Lo único que me encanta de ella es su perro. Tiene un chucho feo como escupir en el suelo, pero le adora, tiene puesto un cojín en la ventana del estanco, y desde ahí el perrillo mira la vida pasar. Lo que no habrá visto la criatura, madre mía. Confieso que los primeros días en que empecé a vivir ahí creía que el perro era de porcelana, pero al tiempo le ví moverse y supe que respiraba como cualquier ser vivo que se precie. Esta mujer, que aparte de rancia es seca a más no poder, resplandece de orgullo cuando saca al perro a pasear, y estoy segura de que es el amor de su vida, porque juro que veo como el corazón le late más fuerte cuando el perrito la recibe meneando el rabo.

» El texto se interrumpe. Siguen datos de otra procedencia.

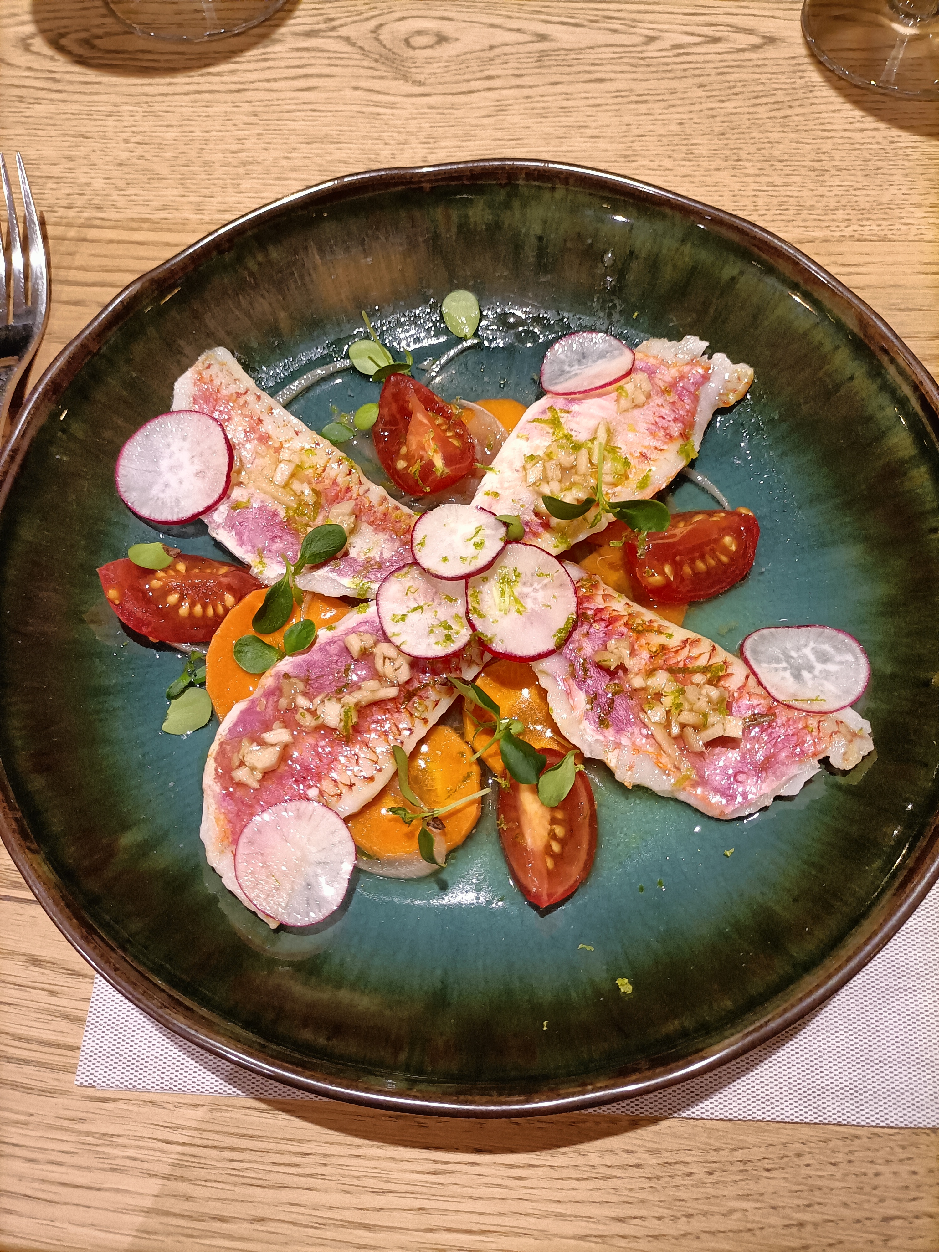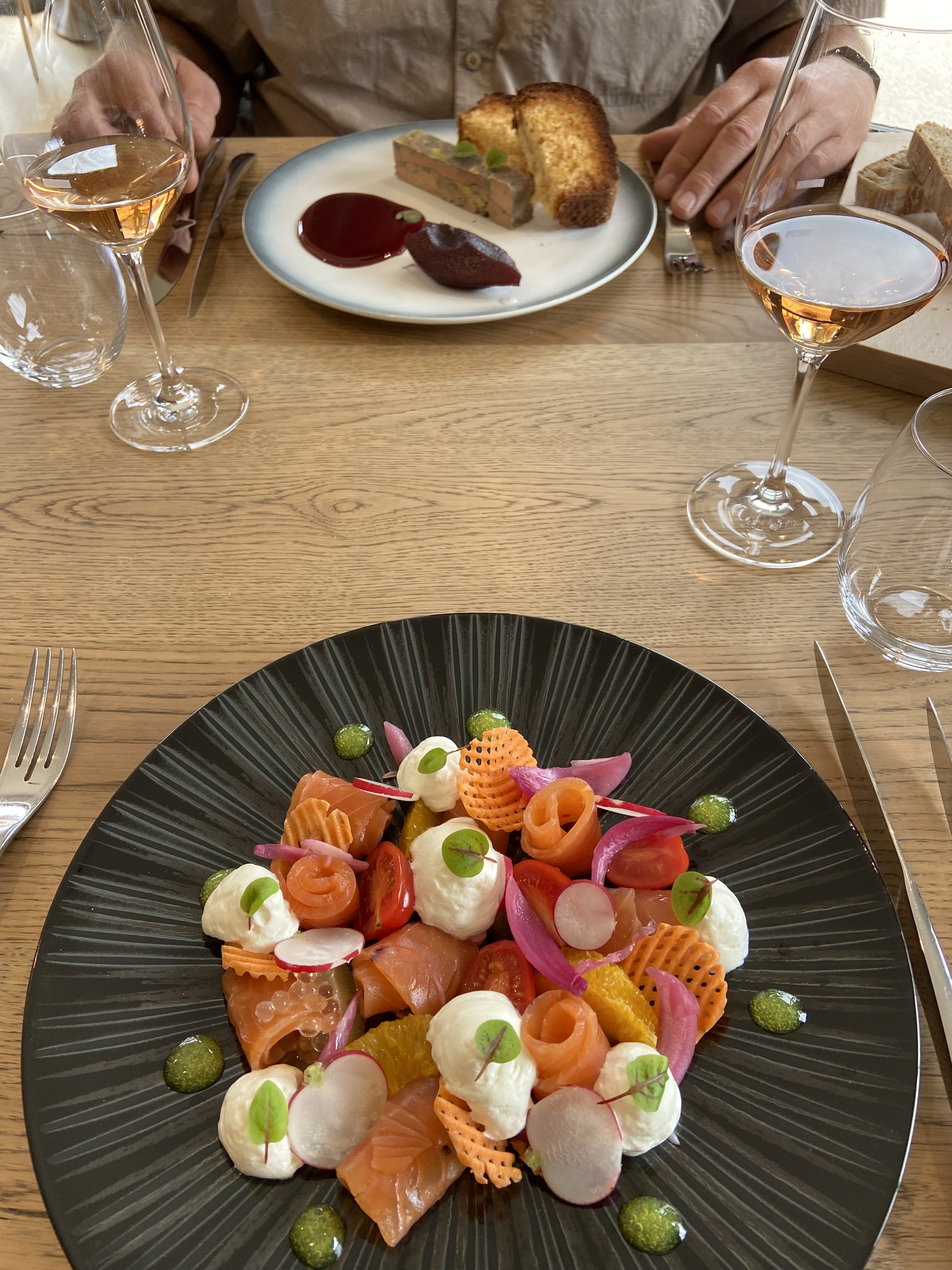 Un restaurant dans un petit coin de verdure … vous entrez dans une salle à la décoration minimaliste. Un service de qualité et de très bon conseil; des plats aux saveurs, textures et aux couleurs Inattendus ! Délicieux ! Gourmand ! Un plateau de fromage avec un large choix ! BRAVO

Cada vez que yo paso por el estanco le guiño, un ojo al perro, que por cierto, jamás he sabido como se llama. El perro nunca ha contestado a mi guiño, pero sé que me lo agradece, y que en el fondo de su ser él sí me habría regalado un mechero, así que le tengo aprecio, para qué negarlo.
Esta mañana he pasado y no le he visto, pero la estanquera, esa mujer de hierro, la Tatcher de mi barrio, estaba llorando amargamente. Entonces he hilado sucesos (y a esas horas de la mañana no era fácil): el estandarte del estanco y de la vida de la estanquera, solterona y amargada, se ha ido. Y por primera vez esa mujer ha dejado de ser un cuerpo detrás de un mostrador para ser una persona, que hoy estará más sola que nunca.
Estaba claro que el perro no iba a ser eterno, como nada en la vida. Ni la crisis, ni las personas ni la juventud, nada es para siempre. La estanquera empieza hoy una etapa distinta, quien sabe si con otro perro que pueda ocupar el cojín de la ventana para otear el horizonte, o quizás sola, enfrentando por primera vez el día a día sin unos ojitos emocionados que la miren pacientemente esperando salir a pasear.
Yo, por si acaso, seguiré guiñando el ojo al pasar por ahí, aunque sea a ella. Quizá una muerte que llevaba tiempo anunciada, sea para la estanquera el comienzo de una nueva vida.